His tenure as igumen followed the departure of Saint Stephen. The sources remember him chiefly as a steward of the community's spiritual resources, noting his efforts to adorn the monastery with books and icons.
The Tmutarakan Foundation
A defining episode of Nikon's life was his withdrawal to the Tmutarakan peninsula on the eastern banks of the Kerch straits. There, in an unsettled location, he attracted a following through his ascetic reputation, and a monastery with a church dedicated to the Most Holy Theotokos arose around him.
The accounts connect this departure to the political turmoil of the period; when Prince Svyatoslav drove his brother Izyaslav out of Kiev, Nikon is said to have withdrawn again to the monastery he had founded. He is generally understood to have returned to Kiev around 1067.
Connection to the Chronicle Tradition
Scholarship on the early chronicles of Kievan Rus' associates an Abbot Nikon of the Kiev Caves Monastery with one of the formative stages of the chronicle compilation that underlies the Primary Chronicle. The historian Aleksey Shakhmatov attributed to Nikon a more structured text, dated to around 1073 and emphasizing monastic history.

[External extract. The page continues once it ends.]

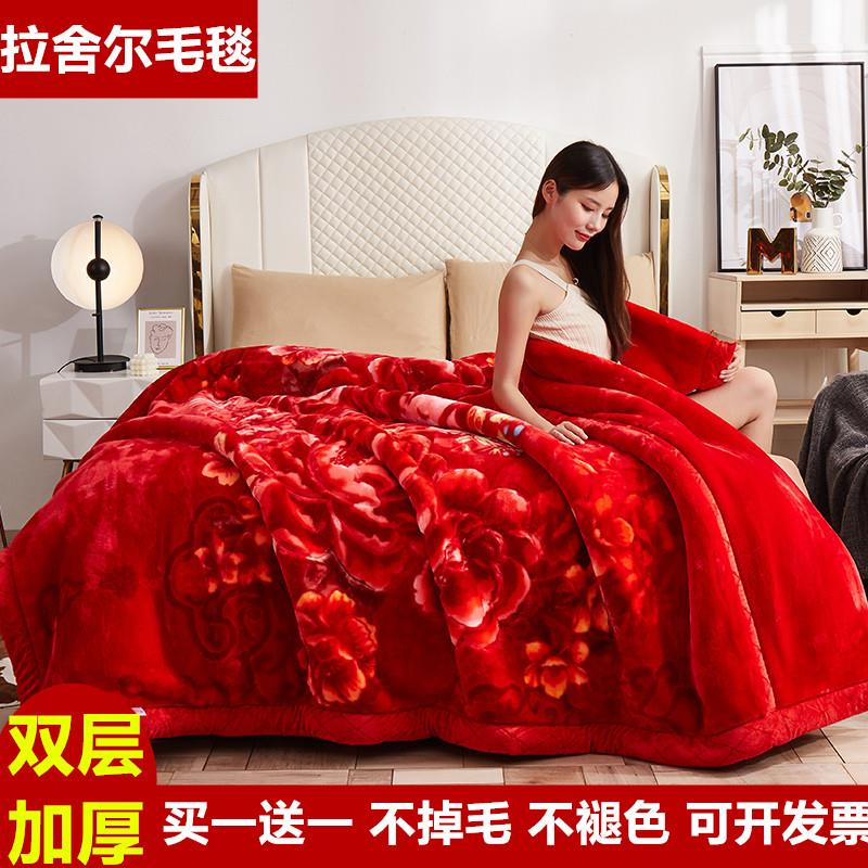 毛毯冬季加厚双层拉舍尔盖毯被子学生宿舍单人双人结婚大红绒毯子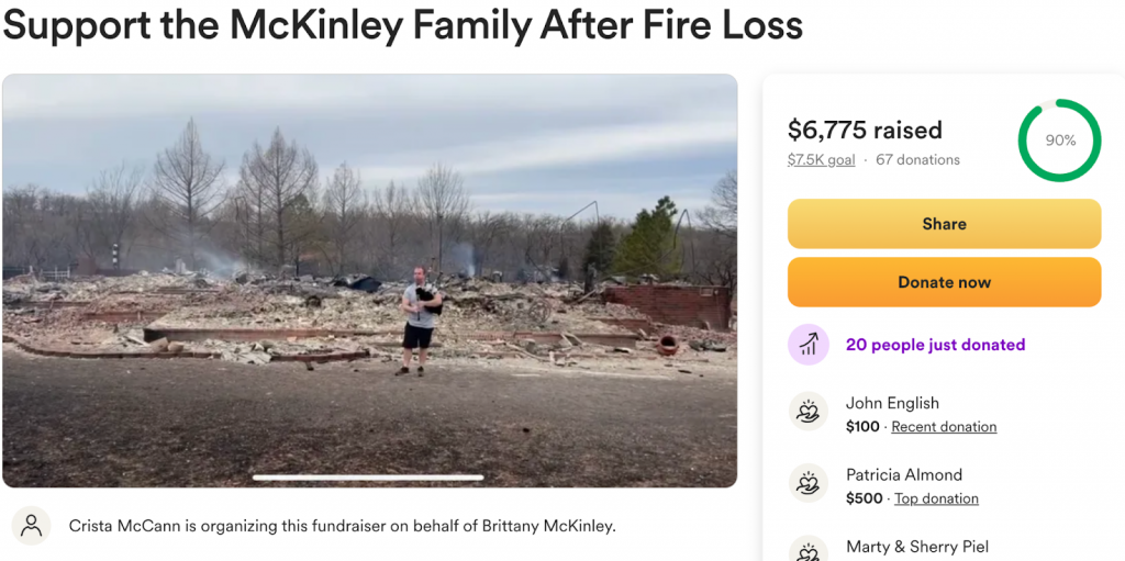 Help support the McKinley Family after the Stillwater fire: (Stillwater) Scott and Brittany McKinley lost everything when wildfires swept through Stillwater, OK, on March 14, turning their home to ashes just as their spring break with their two young daughters began. Known for their generosity and hospitality, they now need support as they navigate the challenges of rebuilding, replacing essentials, and recovering from this devastating loss. Andrew Turner, one of the fundraiser organizers, shared Scott is known for playing his bagpipes at funerals to soothe grief. In a recent Facebook video, Scott is seen playing the bagpipes in front of what used to be his home. You can also find additional GoFundMes for the Mckinley family here (Help GTOA Official Scott McKinley’s Family / Andrew Turner: (918) 724-4402) and here (Help support the McKinley Family after the Stillwater fire.)

This identification rests on the correspondence between the chronicler-abbot and the Nikon of the Caves community who is known to have spent time away founding a monastery before returning to Kiev. The attribution is a matter of scholarly reconstruction rather than direct documentary statement.
Relics & Shrines
Nikon was buried in the Near Caves of Saint Anthony at the Kiev Caves monastery, where his relics are venerated among those of the Caves fathers.